Well, today the introduction right before my colloquium was a bit unusual---and not like any other speaker introduction I have ever witnessed in my career thus far. With some help from the current CAM students (actually, my understanding is that it was their idea), some of my words from that part of my thesis were taken out and used for my introduction instead of doing the usual career path and honors that are typical in such things.

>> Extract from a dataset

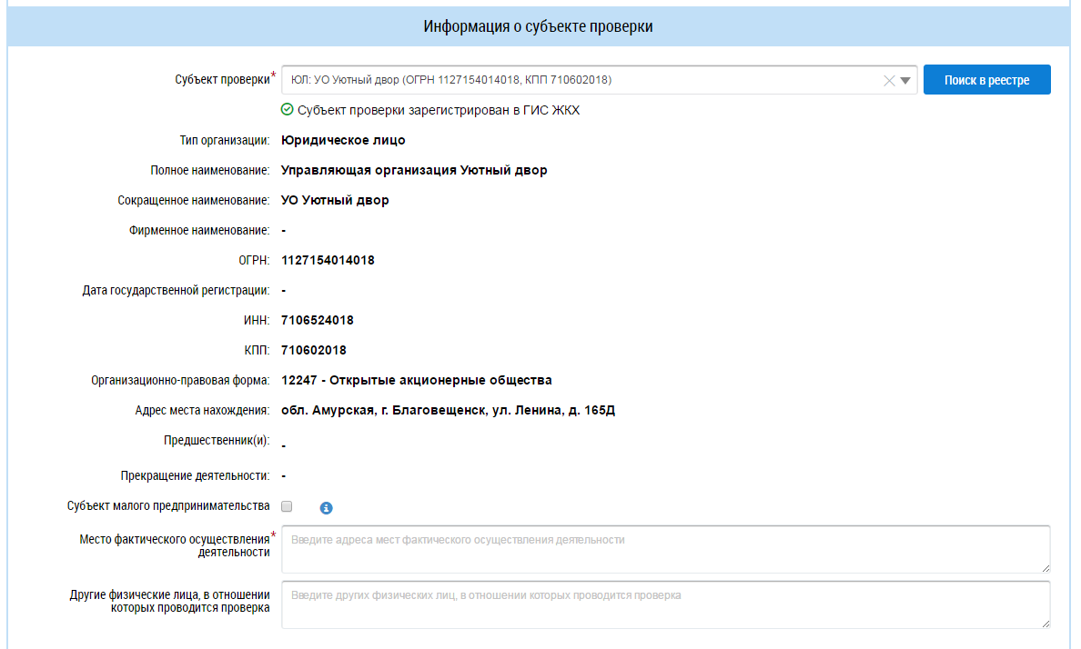 Информация о субъекте проверки отображается в соответствующем блоке.
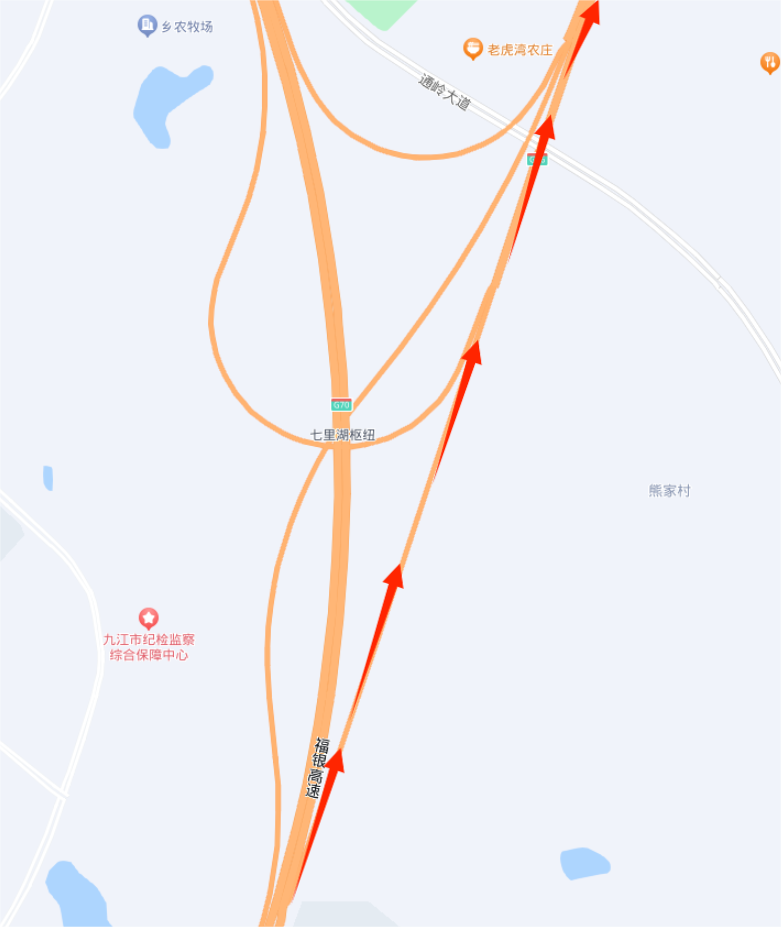 繞行方案2:七里湖樞紐九江城區(qū)方向→九江南收費站→途徑市區(qū)繞行至經(jīng)開區(qū)沙閻路

My host's flight was cancelled and he could only make it for dinner and had to miss the seminar, and Peter Frazier did the introduction and was thus the MC for the shenanigans. (Peter is now a faculty member at Cornell and was my classmate in Lloyd House back in the day at Caltech.)
Wow. This caught me completely by surprise. Well played. Very well played.
And I probably deserved it. :)
P.S. Some of these CAM students specifically looked up and listened to "Tarzan Boy" just to see what on earth I was talking about in that document!
The Fouriest Transform
Really! A Fourier transform is a transform that has 4 occurring more often in it.